▶ _PROBLEM TO WORK ON_
What's needed is an exact copy of all the data below, without pictures.

▶ _RECORDED DATA_

● ● ● ●

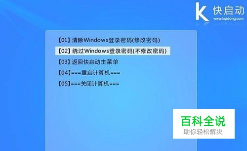 接着,将光标移动到“【02】绕过windows登录密码(不修改密码)”;如下图:
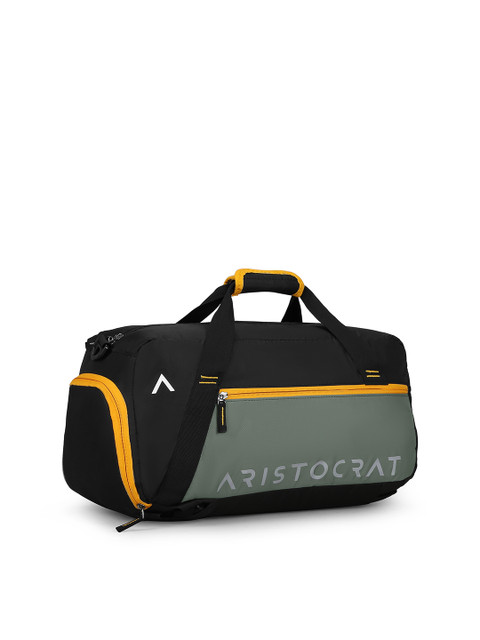 - Features: Aristocrat Sport Power Duffel Bag, Dedicated Shoe Pocket, 2 Side Pockets, 1 Front Easy Access Pocket, Spacious, Robust Construction, Mesh detail on the side, Doubles as a backpack with two attached shoulder straps on the bottom
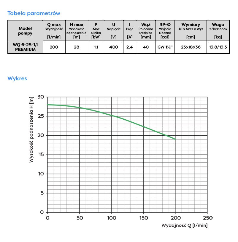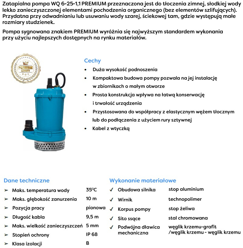 - pompa zatapialna WQ 6‑25‑1,1 PREMIUM 400V OMNIGENA

● ● ● ●

▶ _OUTPUT OF THE TASK_
 接着,将光标移动到“【02】绕过windows登录密码(不修改密码)”;如下图:
 - Features: Aristocrat Sport Power Duffel Bag, Dedicated Shoe Pocket, 2 Side Pockets, 1 Front Easy Access Pocket, Spacious, Robust Construction, Mesh detail on the side, Doubles as a backpack with two attached shoulder straps on the bottom
 - pompa zatapialna WQ 6‑25‑1,1 PREMIUM 400V OMNIGENA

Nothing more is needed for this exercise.